SweetTokenizer: Semantic-Aware Spatial-Temporal Tokenizer for Compact Visual Discretization
Zhentao Tan, Ben Xue, Jian Jia, Junhao Wang, Wencai Ye, Shaoyun Shi, MingJie Sun, Wenjin Wu, Quan Chen, Peng Jiang
Unverified — Be the first to reproduce this paper.
ReproduceAbstract
This paper presents the Semantic-aWarE spatial-tEmporal Tokenizer (SweetTokenizer), a compact yet effective discretization approach for vision data. Our goal is to boost tokenizers' compression ratio while maintaining reconstruction fidelity in the VQ-VAE paradigm. Firstly, to obtain compact latent representations, we decouple images or videos into spatial-temporal dimensions, translating visual information into learnable querying spatial and temporal tokens through a Cross-attention Query AutoEncoder (CQAE). Secondly, to complement visual information during compression, we quantize these tokens via a specialized codebook derived from off-the-shelf LLM embeddings to leverage the rich semantics from language modality. Finally, to enhance training stability and convergence, we also introduce a curriculum learning strategy, which proves critical for effective discrete visual representation learning.

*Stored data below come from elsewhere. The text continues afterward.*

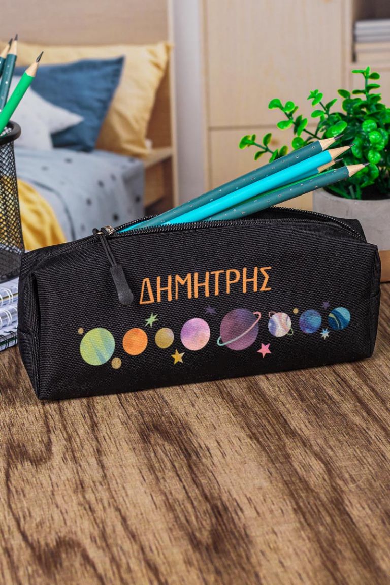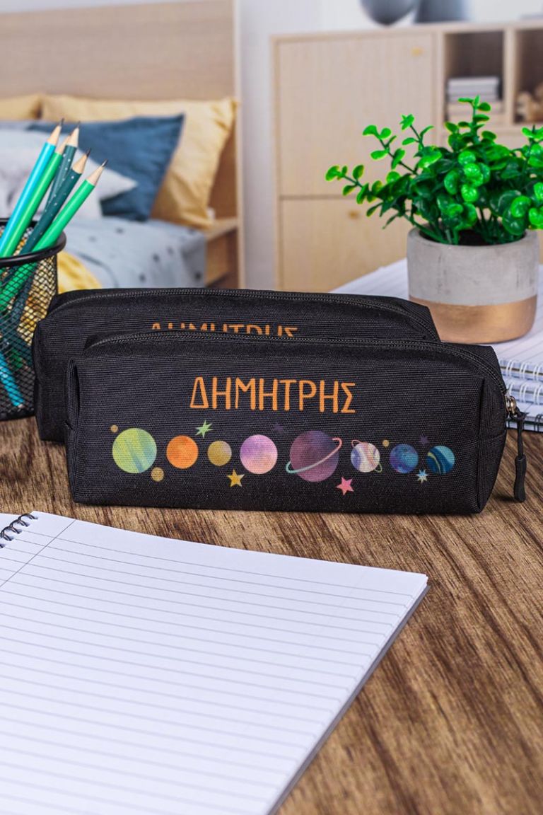 Σχολική Κασετίνα με Όνομα, σε Μαύρο Χρώμα & Σχέδιο Planets
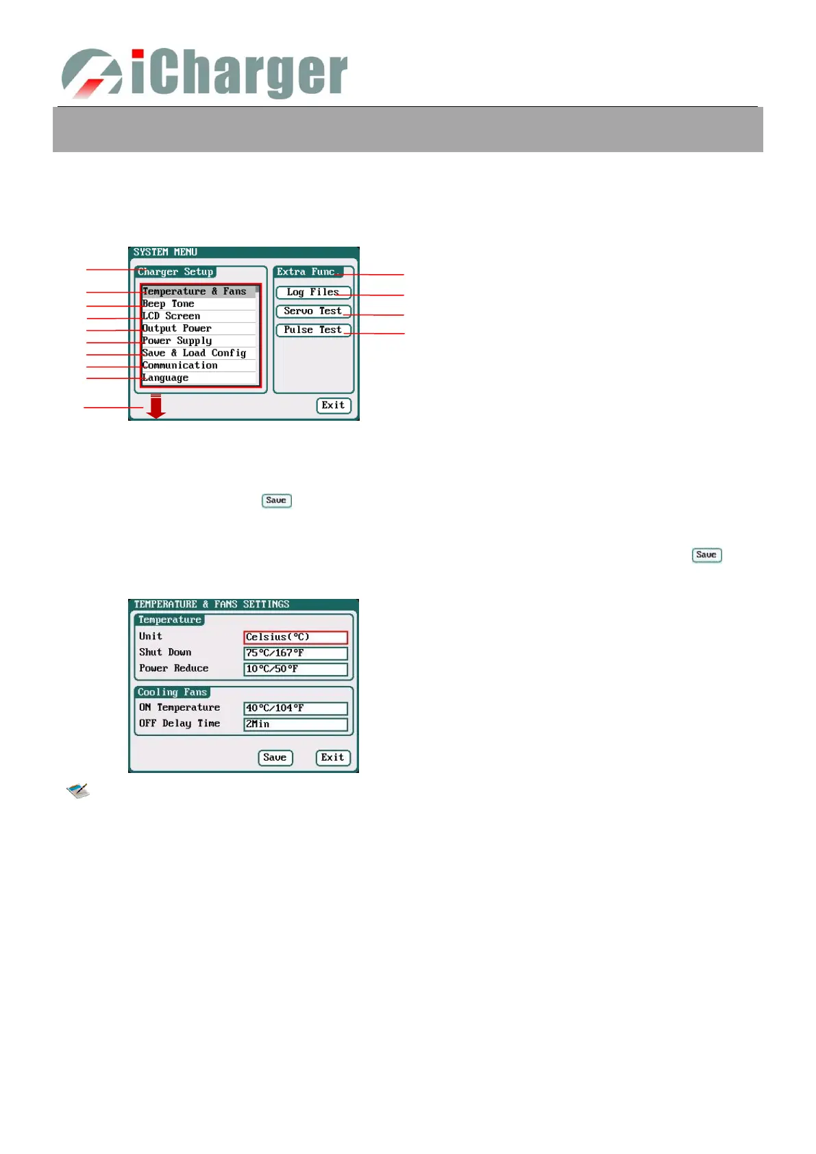 Select SYSTEM MENU→Charger Setup→Temperature&Fans to enter the setup interface, after setting click “ ”to
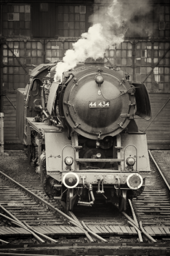Ottbergen an einem Sonntagvormittag, an dem eine fast bleierne Ruhe über der Anlage liegt. Hierhin hatte die Bundesbahndirektion Hannover alle 44er zusammengezogen, die auf den nicht elektrifizierten Strecken im östlichen BD-Bereich bis Braunschweig oder Helmstedt oder auf den Strecken des Harzes oder Weserberglandes schwere Güterzüge befördern mussten (Stand 1. Januar 1976: 21 Loks). Ottbergen hat viele begeistert, es war ein »klassisches« Dampflok-Bw. Der Einsatz der 44er endete dort am 29. Mai 1976.
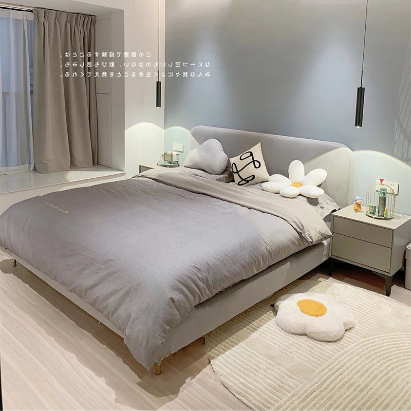 侘寂风科技布艺床现代简约轻奢网红款别墅主卧大床北欧风奶油系床
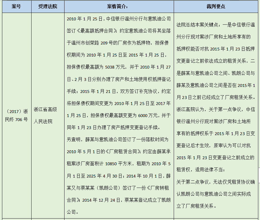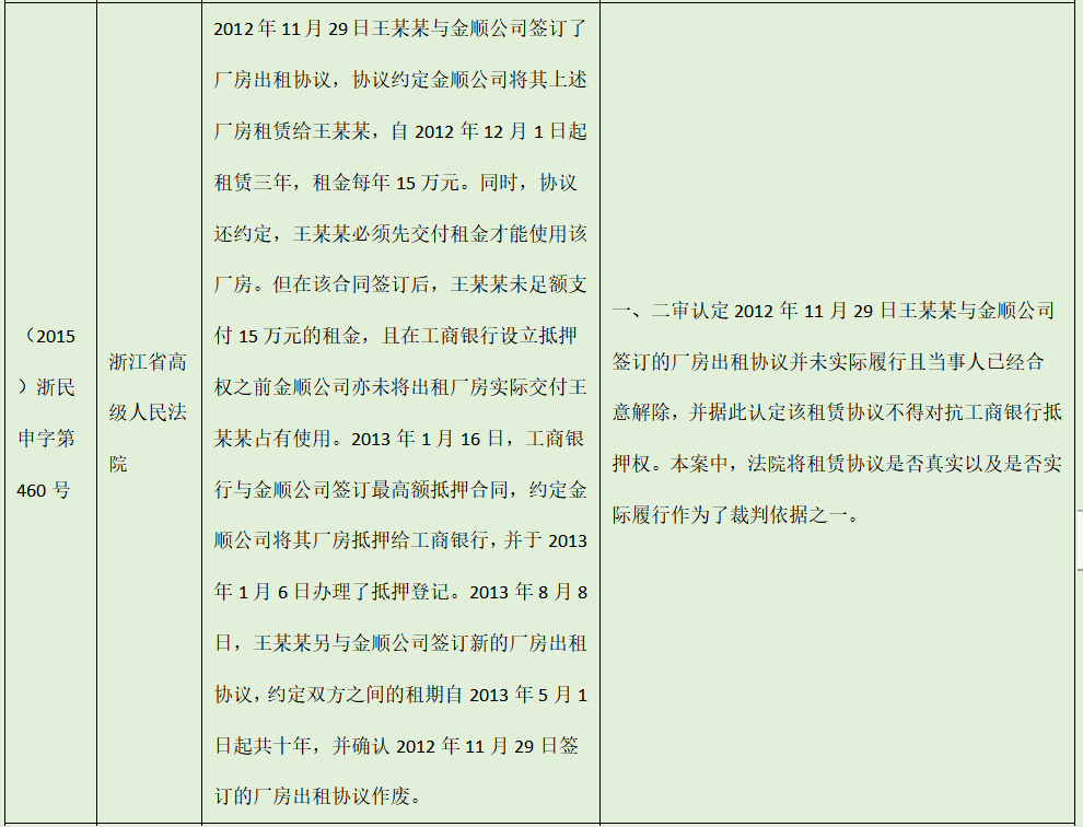 雖然《物權(quán)法》的規(guī)定存在一些模糊的地方,但部分法院在實(shí)操案例中,對(duì)如何認(rèn)定“抵押權(quán)與租賃權(quán)”的順位關(guān)系,也作出了自己的裁判觀點(diǎn),《民法典》的修改可以說一定程度上對(duì)此進(jìn)行了吸收。本文對(duì)前述部分裁判觀點(diǎn)進(jìn)行了總結(jié),希望對(duì)讀者有所啟發(fā)。
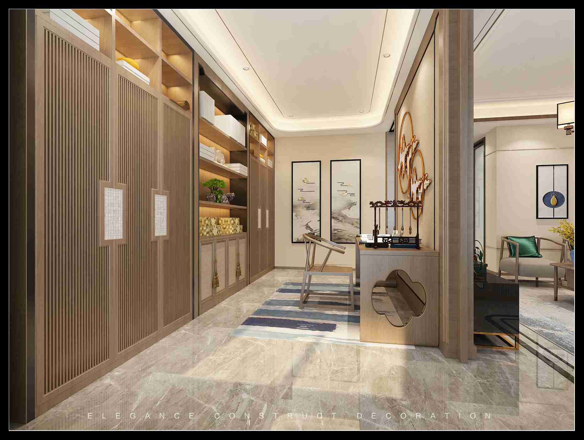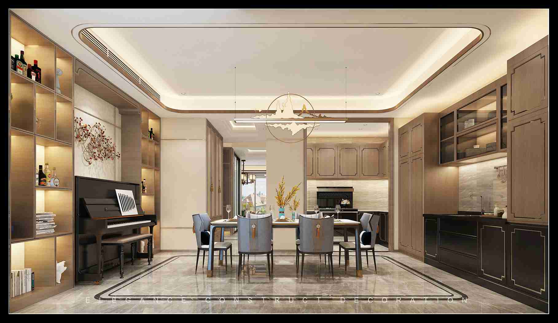 凸顯儀式感和尊貴感的超長雙橫廳空間,奢華的尺度是本案最為重要的空間亮點(diǎn)。捕捉到這個(gè)優(yōu)勢,設(shè)計(jì)師強(qiáng)調(diào)中式審美特點(diǎn)之一:對稱性。以過道為中軸,客廳、辦公區(qū)、餐廳、西式吧臺安然落座,確保整體視野廣闊,空間方寸毫不浪費(fèi)且功能極為融合。
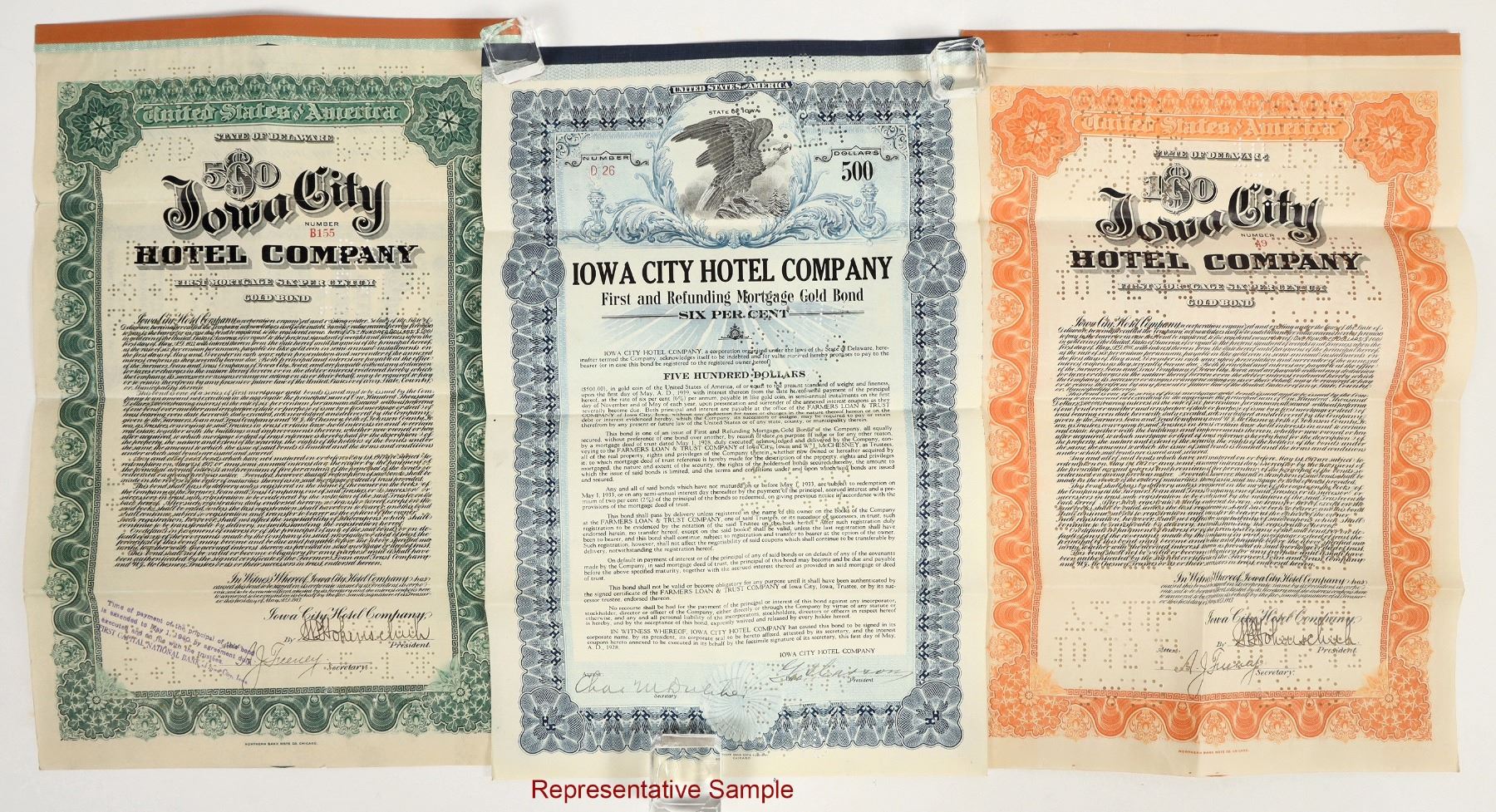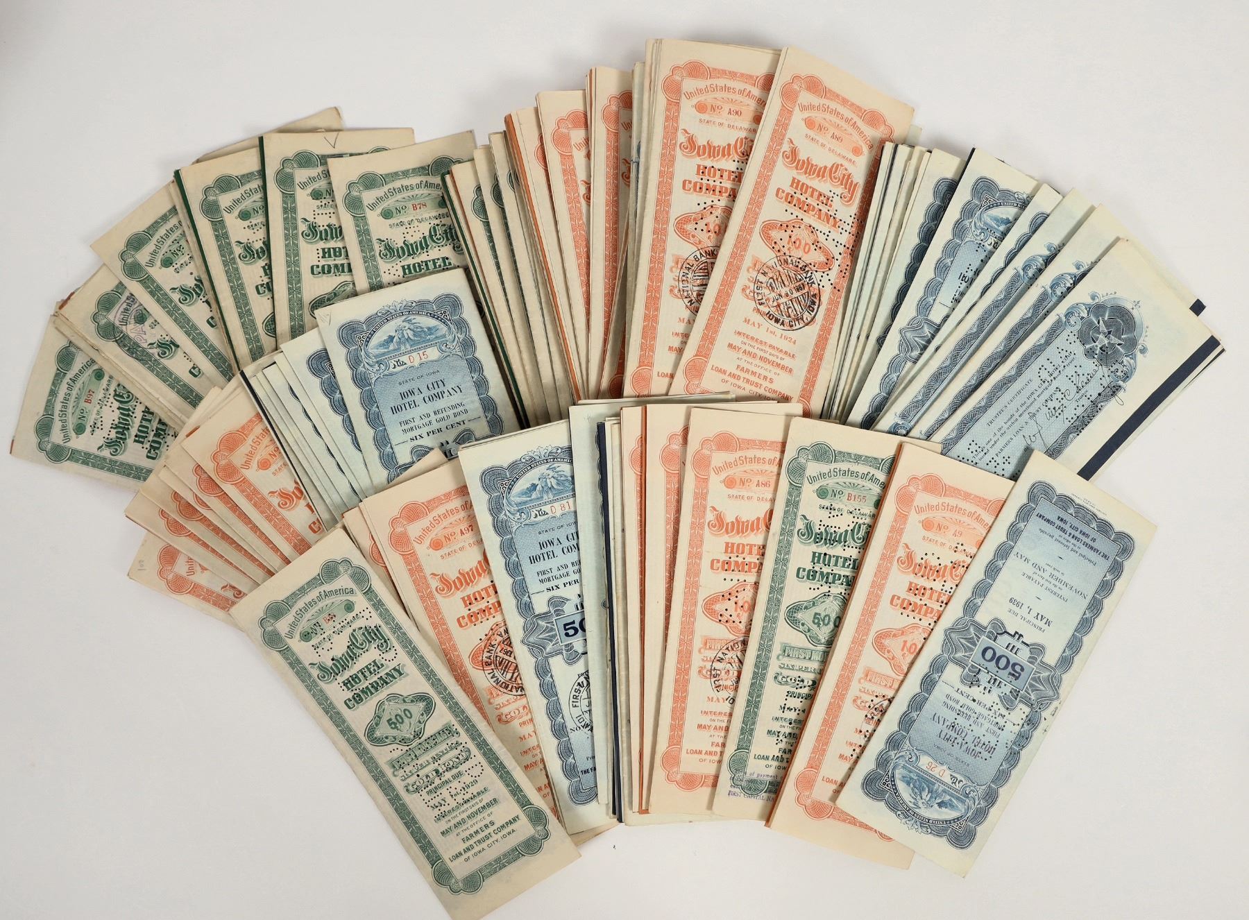 Approx75+. All I/C. Issued 1913-33. The Iowa City Hotel Co. Bonds Original sold to construct the Jefferson Hotel in Iowa City.. VG or better.
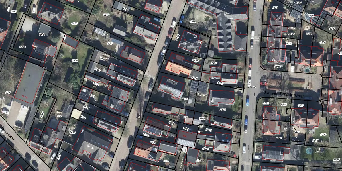 Gebruik de zoekbalk of klik op een perceel voor informatie over de adressen binnen dit perceel.
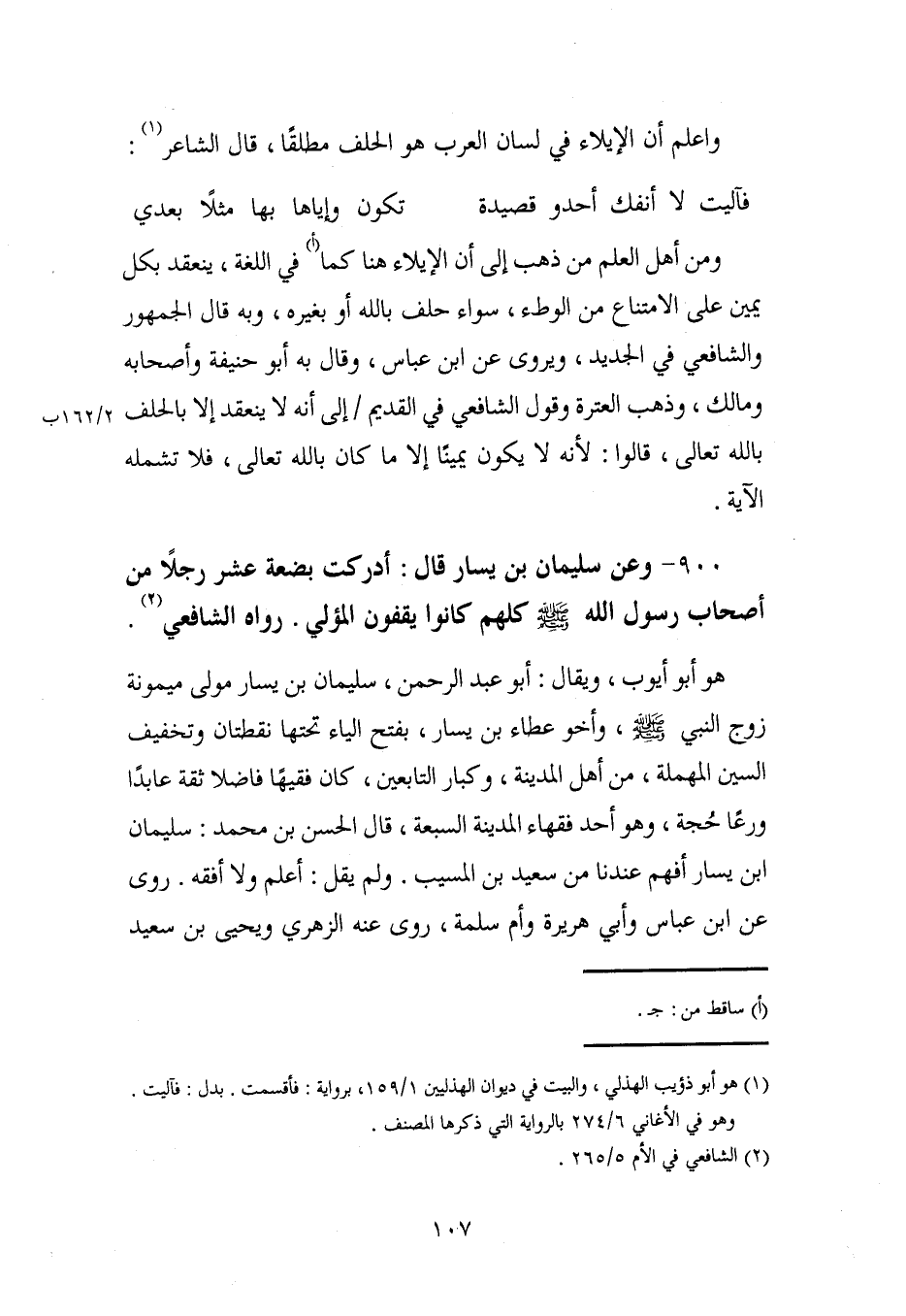 900 - وعن سليمان بن يسار قال: أدركت بضعة عشر رجلًا من أصحاب رسول الله - صلى الله عليه وسلم - كلهم كانوا يقفون المؤلي. رواه الشافعي (¬2).
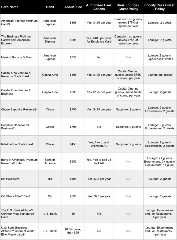 CREDIT CARD LOUNGE ACCESS COMPARISON
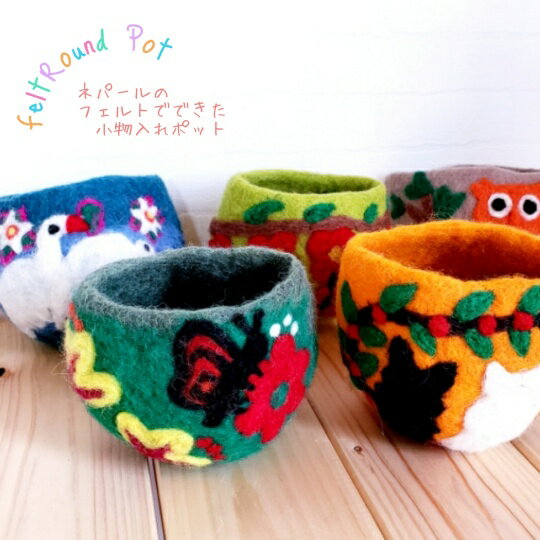 フェルト雑貨 小物入れ ラウンドポット ネパールフェルト雑貨 ウール フェルト アジアン雑貨 北欧雑貨
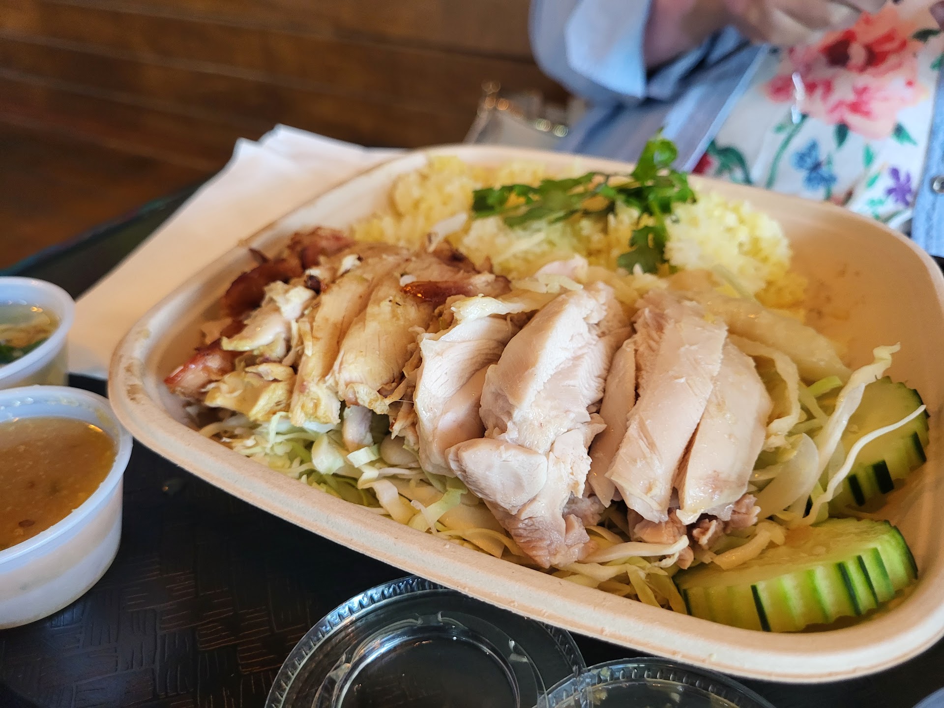 Everything worked so well together! The rice is perfectly flavored, with what I'm assuming is the rich chicken stock. The chicken itself is tender and juicy, not dry at all. The chicken normally sits atop a bed of cabbage, but we prefer to order it without the cabbage. The sauces are just so complementary, and everything just marries so well together. Then the hot, comforting soup is exactly what's needed as the perfect ending to a perfect meal. We're so glad we tried this place. Since we first tried it 2 weeks ago, we've been here 4 times. That's how much we've enjoyed the food.

SweetTokenizer achieves comparable video reconstruction fidelity with only 25\% of the tokens used in previous state-of-the-art video tokenizers, and boost video generation results by 32.9\% w.r.t gFVD. When using the same token number, we significantly improves video and image reconstruction results by 57.1\% w.r.t rFVD on UCF-101 and 37.2\% w.r.t rFID on ImageNet-1K. Additionally, the compressed tokens are imbued with semantic information, enabling few-shot recognition capabilities powered by LLMs in downstream applications.